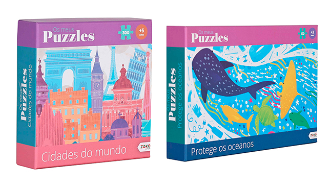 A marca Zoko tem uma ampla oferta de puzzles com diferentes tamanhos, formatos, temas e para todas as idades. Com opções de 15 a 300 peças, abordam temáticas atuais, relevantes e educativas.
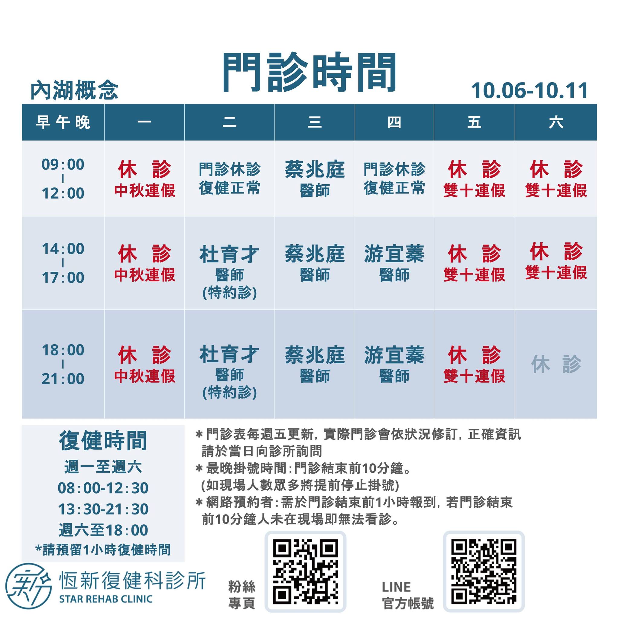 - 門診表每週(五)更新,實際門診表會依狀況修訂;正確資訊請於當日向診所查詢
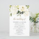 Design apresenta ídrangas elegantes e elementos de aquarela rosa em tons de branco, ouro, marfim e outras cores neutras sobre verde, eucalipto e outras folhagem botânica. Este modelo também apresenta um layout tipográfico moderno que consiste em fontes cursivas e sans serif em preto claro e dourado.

========================================================================

Problem to solve: Repeat the lines of the listing above verbatim, beginning at its first line and ending at the line containing "- 門診表每週(五)更新,實際門診表會依狀況修訂;正確資訊請於當日向診所查詢", which is included. Omit pictures.

Solution below:
 A marca Zoko tem uma ampla oferta de puzzles com diferentes tamanhos, formatos, temas e para todas as idades. Com opções de 15 a 300 peças, abordam temáticas atuais, relevantes e educativas.
 - 門診表每週(五)更新,實際門診表會依狀況修訂;正確資訊請於當日向診所查詢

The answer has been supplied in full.